Police General Ajiravid Subarnbhesaj claimed that all eight bombs were placed in 3x5-inch boxes and detonated by digital alarm clock. Traces of M4 high explosive booster were found in all of the bombs. Other military ordnance sources claimed the bombs were all ammonium nitrate fuel oil (ANFO)/M4 bombs. This would make the bombs the same type as had been found in a car outside Thaksin Shinawatra's residence in August 2006.

The police were criticised for barring Central Institute of Forensic Science acting director Pornthip Rojanasunand from collecting evidence at a bombing site in Pratunam. Pornthip called the police unprofessional because they mainly focused on the type of bomb that was used, rather than the identity of the bombers, and let city cleaners sweep up the site before the collection of evidence was completed.

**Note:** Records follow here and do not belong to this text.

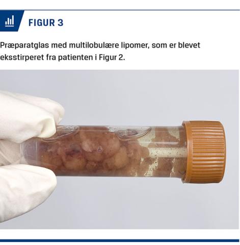 De kirurgiske behandlingsmuligheder består af åben eksstirpation (lipektomi) og fedtsugning. Ved begge metoder er recidivrisikoen høj, og der er ingen garanti for effekt på smerter. Eksstirpation af palpable lipomer sigter imod at fjerne fylde og lindre smerter, dog med risiko for recidiv i løbet af få måneder [4] (Figur 3). Lipektomi, hvor hud og subkutant væv excideres til fascieniveau, er beskrevet ved lednær MD til forbedring af mobiliteten og smertelindring [17].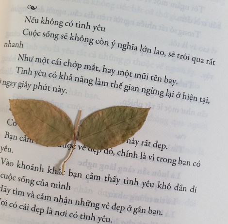 Nghĩ lại, tôi chưa khi nào ngừng việc ép hoa lá, bởi nó quá đơn giản, bởi nó giống như là thói quen. Khi có một chiếc lá hay một bông, một cánh hoa rụng hoặc héo, vô thức tôi lấy chúng kẹp vào sổ. Rồi quên đi. Và lúc nào đó mở sổ ra, những cánh hoa cánh lá đã nằm đó mỏng tang mà màu xanh đôi lần còn tươi như mới hôm qua vậy.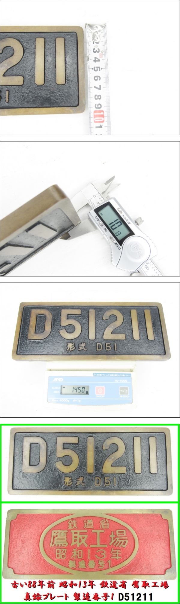激レア 古い88年前 砲金 真鍮プレート D51 本物 鉄道省 鷹取工場 昭和13年 製造番号1 超希少 真ちゅう サボ 1938年 D5111 国鉄 鉄道院 收藏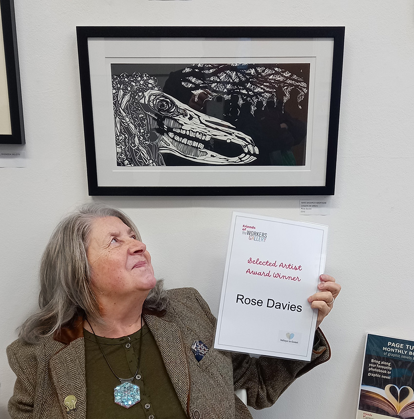 Today was brilliant. Today made me feel like all these years of plugging away at my arts practice is worthwhile. Today I won a prize at The Workers Gallery Open (in Ynyshir) and the GSA 9to90 Open (in Swansea). The Workers Gallery has awarded me a voucher for art materials and a gallery show towards the end of 2026, for my linocut “Mari Madarch Abertawe” (above).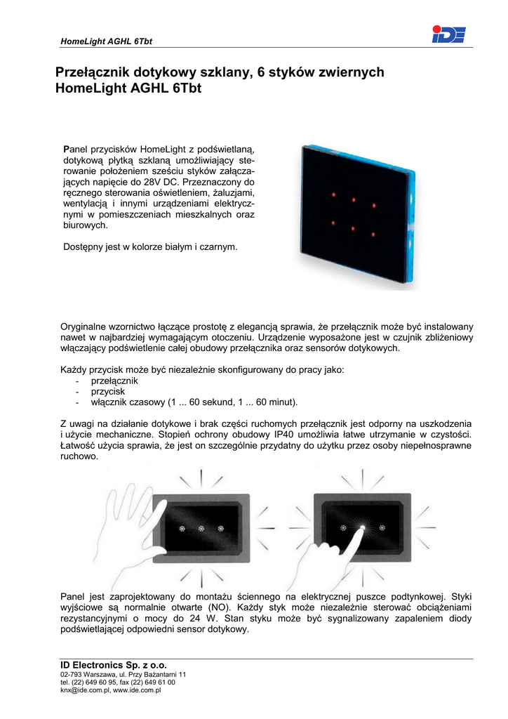 HomeLight AGHL 6Tbt Przełącznik dotykowy szklany, 6 styków zwiernych HomeLight AGHL 6Tbt Panel przycisków HomeLight z podświetlaną, dotykową płytką szklaną umoŜliwiający sterowanie połoŜeniem sześciu styków załączających napięcie do 28V DC. Przeznaczony do ręcznego sterowania oświetleniem, Ŝaluzjami, wentylacją i innymi urządzeniami elektrycznymi w pomieszczeniach mieszkalnych oraz biurowych. Dostępny jest w kolorze białym i czarnym. Oryginalne wzornictwo łączące prostotę z elegancją sprawia, Ŝe przełącznik moŜe być instalowany nawet w najbardziej wymagającym otoczeniu. Urządzenie wyposaŜone jest w czujnik zbliŜeniowy włączający podświetlenie całej obudowy przełącznika oraz sensorów dotykowych. KaŜdy przycisk moŜe być niezaleŜnie skonfigurowany do pracy jako: - przełącznik - przycisk - włącznik czasowy (1 ... 60 sekund, 1 ... 60 minut). Z uwagi na działanie dotykowe i brak części ruchomych przełącznik jest odporny na uszkodzenia i uŜycie mechaniczne. Stopień ochrony obudowy IP40 umoŜliwia łatwe utrzymanie w czystości. Łatwość uŜycia sprawia, Ŝe jest on szczególnie przydatny do uŜytku przez osoby niepełnosprawne ruchowo. Panel jest zaprojektowany do montaŜu ściennego na elektrycznej puszce podtynkowej. Styki wyjściowe są normalnie otwarte (NO). KaŜdy styk moŜe niezaleŜnie sterować obciąŜeniami rezystancyjnymi o mocy do 24 W. Stan styku moŜe być sygnalizowany zapaleniem diody podświetlającej odpowiedni sensor dotykowy. ID Electronics Sp. z o.o. 02-793 Warszawa, ul. Przy BaŜantarni 11 tel. (22) 649 60 95, fax (22) 649 61 00 [email protected], www.ide.com.pl HomeLight AGHL 6Tbt Wyjścia: Wymiary (bez płytki szklanej): Parametry techniczne: Urządzenie HomeLight AGHL 6Tbt Zasilanie 10 - 31 V DC Pobór mocy maks. 2,5 W Przyciski 6 dotykowych Wyjścia 6 przekaźnikowych, zwiernych (NO), do 2A kaŜde Temperatura pracy -20 - +45 ºC Wymiary obudowy 118x83x31 mm, nad tynkiem 118x83x10 mm Stopień ochrony IP40 MontaŜ na puszce standard włoski 3M np. Vimar V71303 Uwagi montaŜowe: W trakcie wykonywania instalacji i uruchomienia naleŜy przestrzegać wszystkich przepisów bezpieczeństwa i zasad wykonywania prac elektrycznych. Obwód zasilający powinien być zabezpieczony bezpiecznikiem 2A. Przed podłączeniem kabli zaleŜy wyłączyć zasilanie. Urządzenie nie przeznaczone do sterowania urządzeniami mechanicznymi (windy, wyciągarki, dźwigi) ani sprzętem medycznym. Szczególną ostroŜność naleŜy zachować przy montaŜu i demontaŜu wierzchniej płytki szklanej – w przypadku pęknięcia jest bardzo ostra i moŜe spowodować skaleczenia. Do czyszczenia panelu naleŜy uŜywać wyłącznie wilgotnej szmatki. Nie naleŜy stosować rozpuszczalników ani środków chemicznych. ID Electronics Sp. z o.o. 02-793 Warszawa, ul. Przy BaŜantarni 11 tel. (22) 649 60 95, fax (22) 649 61 00 [email protected], www.ide.com.pl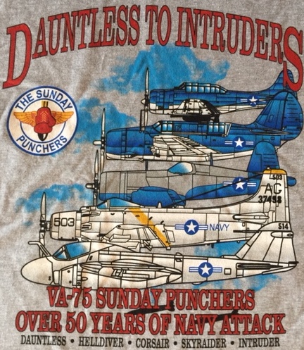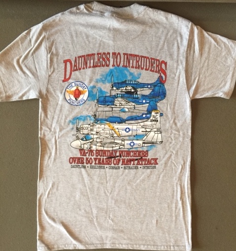 Another AV8RSTUFF creation: This is the front of the gray version of the Sunday Puncher T-shirt we had made from the original 1996 Decommissioning Party Design. We have limited numbers of the sizes listed, so please don’t be upset if these sell out before we restock. Use this link to order, then specify in the “comments” section what size you would like, or just email/call me direct. XXL runs $2 more, I’ll adjust on my end if needed.

Prime Minister Surayud ruled out involvement of Southern insurgents. He claimed that forensic reports showed that the bombs were assembled "to look like those used by the Southern insurgents" but that detailed examination of the explosions and modus operandi indicated no link.

==Responsibility==

===Forewarning===
Authorities had earlier warned of an escalation of the South Thailand insurgency during the New Year holiday.

According to the Thai-language daily Thai Rath, Thai Military Intelligence and the Special Branch received reports that there would be bombs in up to 30 locations in Bangkok and surrounding areas, especially popular shopping malls such as Siam Paragon, The Mall Bang Kapi, and Seacon Square.

===Urban guerrillas===
No one ever claimed responsibility for the bombings, and both the Thai Rak Thai Party and deposed Premier Thaksin Shinawatra insisted they were innocent. In the absence of concrete public evidence, theories abounded about those most likely behind the attacks.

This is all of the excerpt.